L’ensemble est extrêmement rapide et la fluidité est surprenante, de surcroît lorsqu'on est habitué aux modèles concurrents. On a ici, véritablement, un Mac miniature entre les mains.
Utilisation
La téléphonie On a tendance à l’oublier, mais l’iPhone est avant tout un… téléphone, à la pointe de ce que l’on peut faire en matière d’ergonomie. Le clavier de composition directe des numéros est bien dimensionné et ne pose pas de problèmes de lisibilité ni de saisie et ce, même avec de gros doigts.

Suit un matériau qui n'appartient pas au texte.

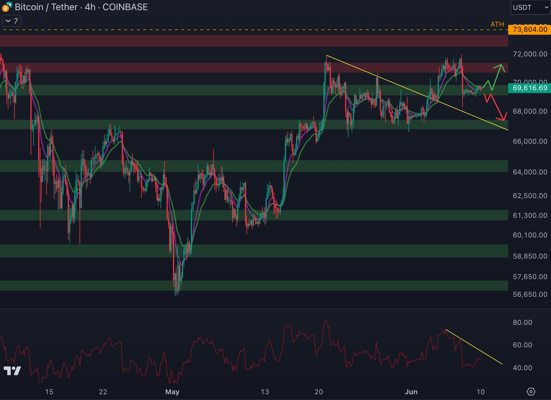 Bitcoin le 10 juin – 10ᵉ clôture d’affilée sous les 70 000 $ pour le BTC

Le carnet d’adresses est remarquable. Au-delà de l’effet "touch & slide" (on pose le doigt sur l'écran et on fait défiler avec légèreté), la fluidité de l'interface est appréciable. En bas de l’écran, on trouve les fonctions de numéro en accès rapide (sans limitations comme c’est souvent le cas avec un téléphone traditionnel 0 à 9…). En revanche, on ne peut pas taper plusieurs caractères à la suite pour accéder à un nom précis dans une longue liste. Pour cela on glisse le doigt sur une liste alphabétique en bordure de l'écran.

Une autre icône permet d'accéder à l'historique des numéros déjà composés, aux appels reçus ou ratés qui apparaissent alors en rouge. A la manière de Mail, le nombre d'appels en absence est indiqué dès la page d'accueil de l'iPhone avec un badge apposé sur le logo de l'application. Pratique !
Le décrochage/raccrochage est aisé. Dès lors que le téléphone est en veille et que l’on vous appelle, on peut rejeter la communication en appuyant deux fois sur le bouton wake. Et si le téléphone est actif, deux boutons apparaissent lors d’un appel : répondre ou rejeter.
Une fois la communication établie, vous pouvez consulter en même temps toutes les autres fonctions de l’iPhone. Il suffit ensuite de tapoter sur le haut de l’écran pour revenir à la conversation téléphonique.

Il est donc très facile de composer un autre numéro pour démarrer une conférence à trois, de rechercher une fiche de contact pour renseigner son interlocuteur ou de couper le haut parleur à l'occasion d'un aparté.